Anybody who tells you they have a ToS study that shows buy and sell volume is oversimplifying things: there isn’t one. For every trade there is exactly one buyer and one seller, the volume is always 50% buy, 50% sell. The only question is, did I buy from you, or did I wait for you to sell to me? And did you run out of stuff to sell me at that price so I had to go buy more from the guy offering it at a higher price?
While you might be able to watch Time and Sales for real-time volume on the ask vs bid, ToS doesn’t let you capture that information in a study. We only get five numbers: high, low, open, close, and volume. Six, if you include time. That’s it, that’s all we have to work with.
So what the heck do all those ‘Buy and Sell Volume’ studies really do, if the only variables you have access to are high, low, open, close, and volume?
The answer is a bit of logical deduction. Because buying on the ask as opposed to waiting in a bid will move price upward, if there are more buyers than sellers price will go up and the candle will close above the open. Knowing this plus the volume of the candle you can deduce that on a whole there was more buying volume than selling volume.
The actual formula for this deduction is:
(close – low) / ( high – low)
In other words, the amount of the candle from the close to the low as a percentage of the total candle’s price movement. If a candle is green, that’s mostly buying pressure, and the remainder must be selling pressure.
This doesn’t take into account a huge amount of buying pressure that breaks through a level, rockets up, then falls back down and further under far less volume. There’s no way to tell exactly how the volume is distributed within a candle, so that candle that had a giant amount of buying pressure instead looks like it has a giant amount of selling pressure instead.

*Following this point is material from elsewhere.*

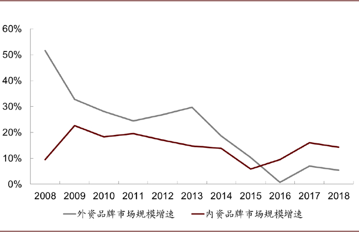 竞争激烈叠加国产品牌失势,行业集中度在2009-2014年间不升反降。近三年受益于奶粉配方注册制新政,集中度逐步提升,2018年尤为明显,CR5提升2.8ppt至45.5%。行业需求乏力背景下,我们判断主打高端品类的行业龙头仍有望进一步透过产品创新、高端化、渠道下沉获取市场份额。在2008年后外资乘食品安全事件东风,凭借品牌认知、电商兴起主导行业发展,2016年起内资品牌重拾增势,受益于独特产品定位、奶粉新政及渠道精耕。考虑低线城市具有更大消费潜力、内资品牌信心复苏,高端化进程不输外资品牌及政策导向利好内资品牌做大做强,我们判断内外资之争未来内资或将更胜一筹,重回市场领导地位。

But what does this really tell you that the shape of the candle can’t? Over time, you can build a picture using volume. It’s just another way of visualizing candle data to help you build a mental image of the price action. But at the end of the day, you could also just look at the shape and color of the candle to see how much of it was buying or selling volume.

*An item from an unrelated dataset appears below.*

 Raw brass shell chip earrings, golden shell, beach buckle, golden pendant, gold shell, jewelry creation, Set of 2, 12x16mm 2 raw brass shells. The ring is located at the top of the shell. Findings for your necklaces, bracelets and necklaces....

Since this buy/sell volume is a fiction based on our five variables, there are other fictions we can create to help us visualize candle data too.
I wrote a study called VPA Candles that colors the candles on a spectrum from red to green based on that buy/sell volume formula. The higher the buy percent the greener the candle, and the higher the sell volume the redder. A perfectly stable candle is kind of a brownish color, halfway between green and red. This lets you see at a glance from the color spectrum a relative amount of buy/sell volume based on the candle shape, like training wheels for people who can’t read candle shapes.
Additionally, the candles are brighter when the volume is higher and darker when the volume is lower, so a high-volume buying candle would be a brighter green than a lower-volume buying candle. Visually, this makes the important candles pop out more, and adds additional cues to the volume graph.
Often this leads to a lot of dark brown candles in between spurts of bright green and red candles, as that’s often how price action works. Not super helpful for seasoned traders, but if you’re just starting out it reinforces why certain candles mean different things based on those five variables.